Even before Patrick Bourgeois and his girlfriend, Tracy Lynn Bratton, were sent off to prison for killing Bourgeois’ 3-year-old son, P.J., the mechanisms had been put in place to let them out early.
Everyone involved in the case knew it.
Franklin County Common Pleas Court Judge Nodine Miller — who would let the killers out — knew it.
The Franklin County prosecutors entrusted to seek justice for the boy knew it.
The defense attorneys knew it — they had asked for it to happen.
The killers definitely knew it.
There turned out to be no one in court to speak for the child — no one to say that it was obscene to even consider a plan that would potentially reward Bourgeois and Bratton, who had beaten and bitten that 34-pound boy, had bound his legs and taped his wrists behind his back, and had left him to choke on his own blood and die.
The plan had already been agreed to on the day — Oct. 7, 1996 — that Bourgeois and Bratton appeared before Judge Miller for sentencing.
There had been no trial — no witnesses, no testimony. The voices you have heard in these reports — the voices of the medical rescue workers who tried to save the child, of the homicide detective on the scene, of the doctor who performed the autopsy — were never heard in court.
As we have reported, Bourgeois and Bratton had each been allowed to plead guilty to a charge of involuntary manslaughter. Additional charges — felonious assault, endangering a child, kidnapping (referring to the binding of the boy) — had been dropped.
Bourgeois and Bratton would almost certainly have fought a murder charge, and the potential life sentence it carried.
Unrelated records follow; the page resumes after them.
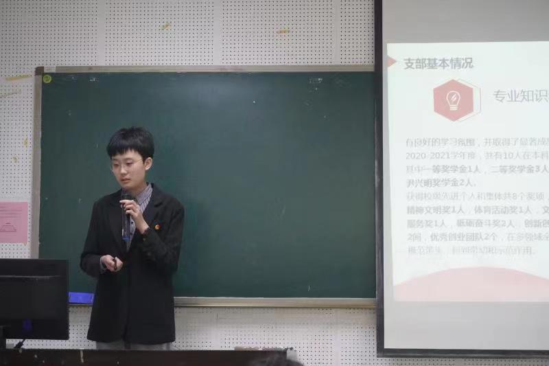 伴随着激昂向上的旋律与掷地有声的誓言,在场的青年团员共同坚定为共产主义事业而奋斗的思想信念。随后主持人向与会人员详细介绍五四红旗团支部评选标准以及分数细则,由参选团支部团支书上台逐一进行展示答辩,而由于教学实践而缺席本次会议的团支部则通过视频直播进行远程展示。
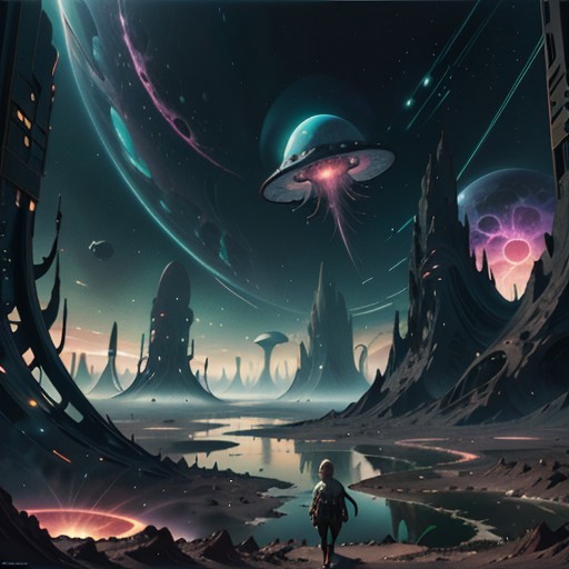 best quality, masterpiece, realistic, photorealistic, 1girl, solo, alienscape, otherscape, city street, noon, neon theme, glowing, starry sky <lora:Alienscape:1.0> detailed background, night, light, rain BREAK outdoors, twilight, raytracing <lora:add_detail:1>
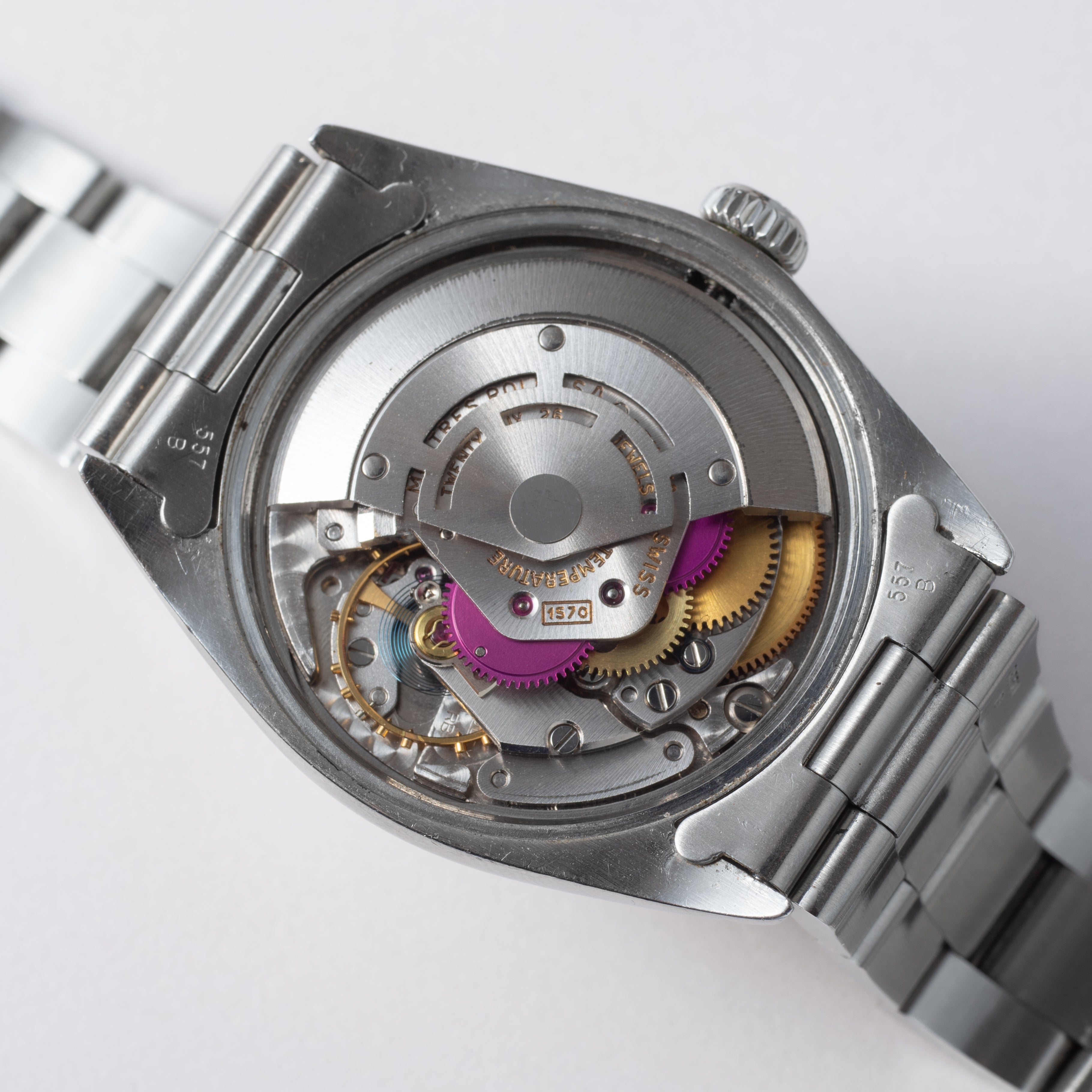 - ヴィンテージ時計の特性上、風防・パッキン・リューズ・バネ棒などの消耗部品は後年メンテナンス過程で交換されている場合がございます。オリジナル性を重視しておりますが、必要に応じて適切な部品にて調整されていますので、よりコレクション性重視のお求めのお客様は事前にご確認ください。
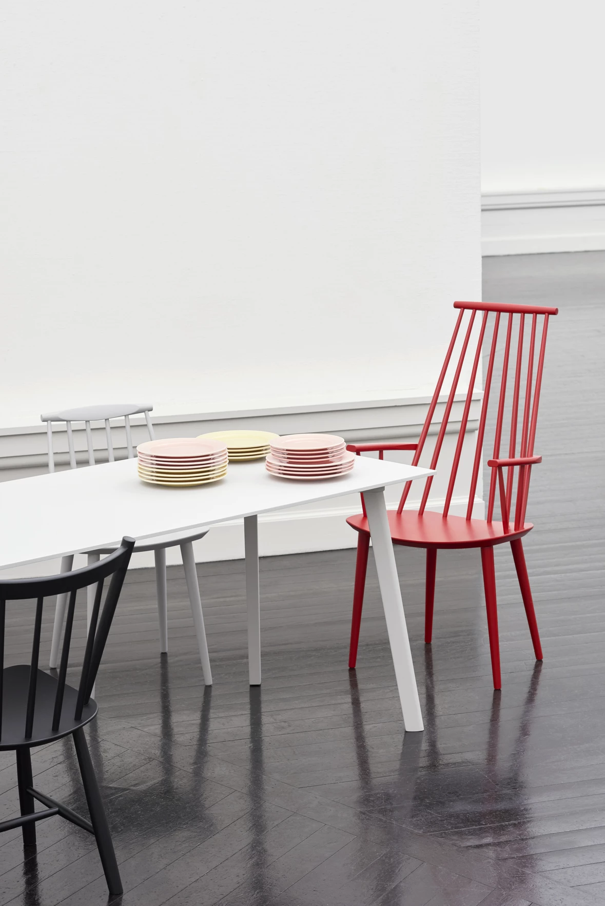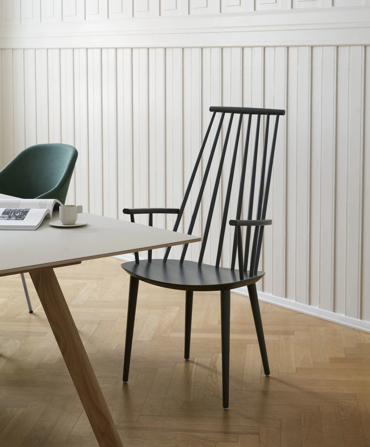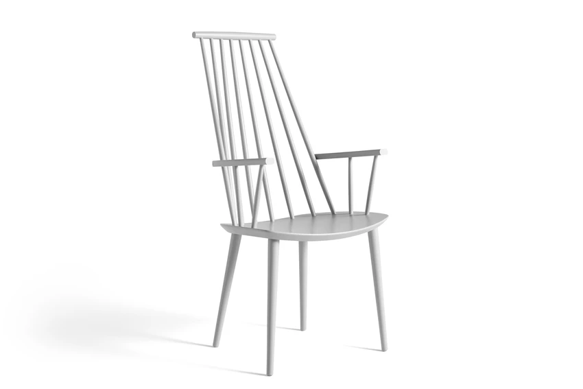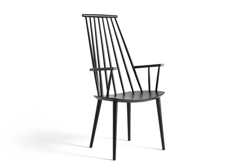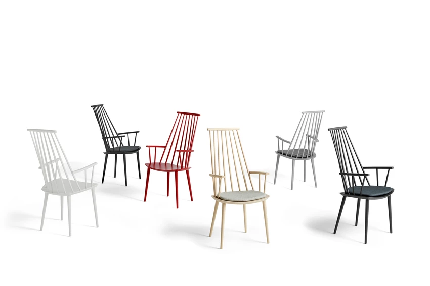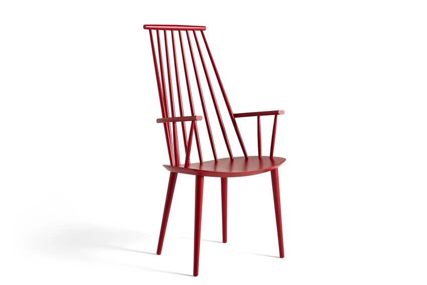 Designed by Poul M. VoltherManufactured by HayWith the comfort of a lounge chair and the functionality of a dining chair, HAY’s reproduction of Poul M. Volther’s J110 offers equal measures of strong aesthetics and practicality. Long rods at the back and curved armrests create an inviting expression. Crafted in solid beech with a natural finish or a variety of coloured finishes.
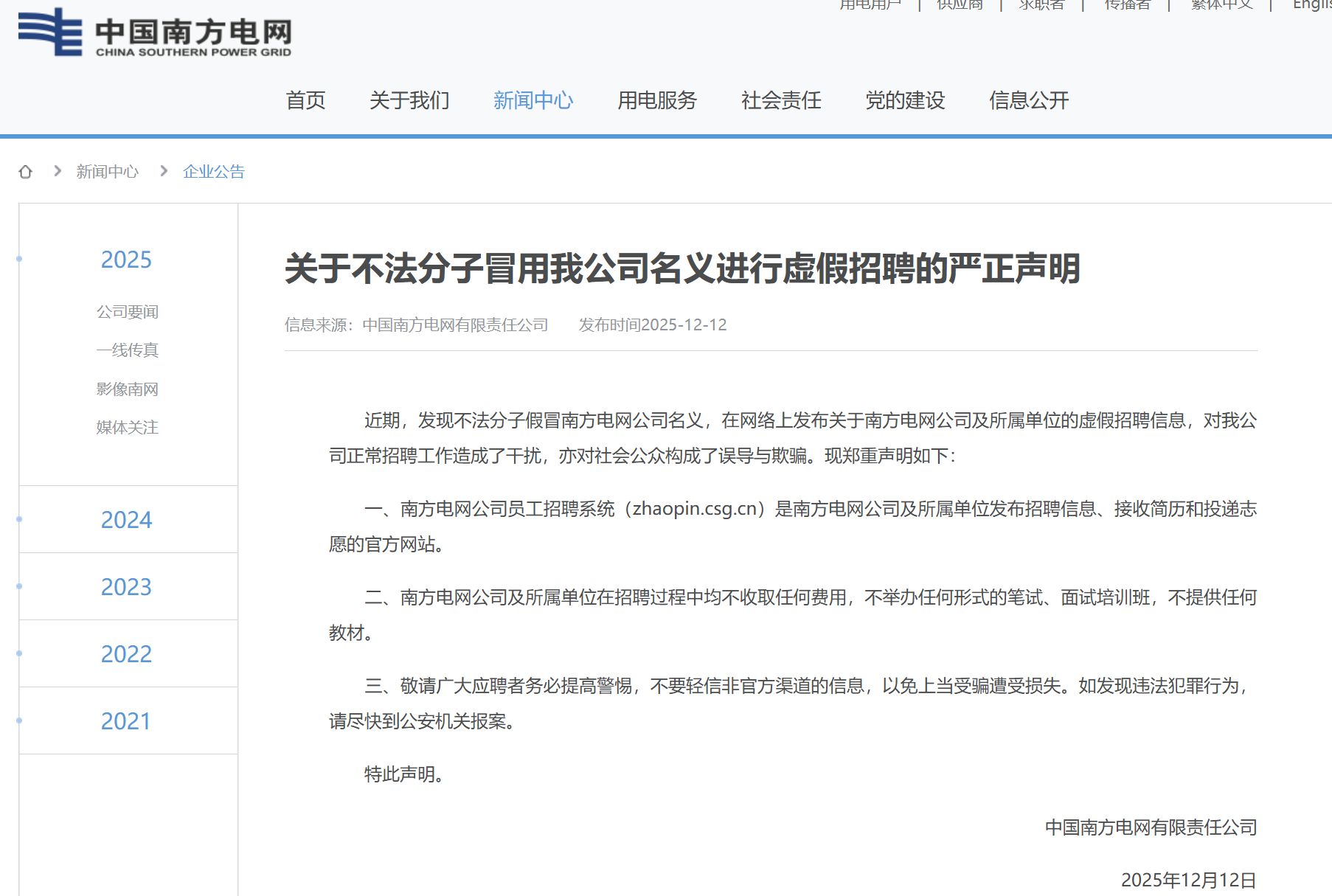 每经编辑|张锦河 12月12日,中国南方电网发布《关于不法分子冒用我公司名义进行虚假招聘的严正声明》。 近期,发现不法分子假冒南方电网公司名义,在网络上发布关于南方电网公司及所属单位的虚假招聘信息,对我公司正常招聘工作造成了干扰,亦对社会公众构成了误导与欺骗。现郑重声明如下: 一、南方电网公司员工招聘系统(zhaopin.csg.cn)是南方电网公司及所属单位发布招聘信息、接收简历和投递志愿的官方网站。 二、南方电网公司及所属单位在招聘过程中均不收取任何费用,不举办任何形式的笔试、面试培训班,不提供任何教材。 三、敬请广大应聘者务必提高警惕,不要轻信非官方渠道的信息,以免上当受骗遭受损失。如发现违法犯罪行为,请尽快到公安机关报案。

A murder charge would have brought sworn testimony, and a jury trial.
Franklin County Prosecuting Atty. Ron O’Brien — who was not in office at the time of the crime or the time of sentencing — told us that prosecutors decided on the lesser involuntary manslaughter charge for a practical reason:
“From what I know about it, [prosecutors] have always had difficulty in cases where children are killed, because we have had to prove beyond a reasonable doubt not only that the accused people caused the death of the child, but that they purposely caused the death.”
Intent was a part of the law, and the one person who could tell a jury whether he thought Bourgeois and Bratton had been trying to kill him — P.J. Bourgeois — was dead.
Judge Miller told us that she believed the prosecution’s decision to charge Bourgeois and Bratton with involuntary manslaughter was probably the correct one: “There was going to be an evidentiary problem. [Bourgeois and Bratton] were the only people who knew what happened. [The prosecution might have had trouble] proving who was more culpable.”
She accepted their pleas — and sentenced them each to 7 to 25 years in prison.
But — as we reported last week — a very important concession had already been granted to the killers by Franklin County prosecutors.
The prosecutors agreed not to oppose something called “supershock probation” after Bourgeois and Bratton had been in prison for a year. Supershock probation meant that the judge, on her own, could let the killers out of prison any time she wanted, after the year had passed.
Ed Morgan, the assistant prosecutor in charge of the case, now says that he never thought Judge Miller would actually grant Bourgeois or Bratton supershock probation; he told us that he agreed not to oppose it because the defense attorneys “were saying, `Give us something.'”
Kirk McVay, Bourgeois’ defense attorney, told us that Morgan’s position — that the concession to the killers was meaningless — is nonsensical: “Of course we were going to pursue [supershock probation],” McVay said, “and of course we hoped to get it.”
When we asked Judge Miller if she thought the agreement was meaningless, she said she took it at face value: “So long as the legislature thinks that shock probation [in some cases] is appropriate, I have a responsibility to consider it for those who request it.”
Were the circumstances of this case not especially terrible — the apparent torture of a 3-year-old child, who is bitten and bound, and left to choke to death on his own blood?
“A life was lost,” Judge Miller told us. “All killings are bad.”
Even though Bourgeois and Bratton went off to prison knowing that, in a year, they would be able to apply to Judge Miller for supershock probation, there was a built-in safeguard in the law that might have worked to protect the memory of P.J. Bourgeois, to provide him with the chance for a semblance of justice.
But it was a safeguard, we have learned, that was routinely winked at — all but laughed at — in the courts of Franklin County. The judge admitted it to us, the prosecutors admitted it to us, Bourgeois’ attorney admitted it to us. The law might say one thing — but, as we will report Monday, the officers of the court had devised a way to get around it.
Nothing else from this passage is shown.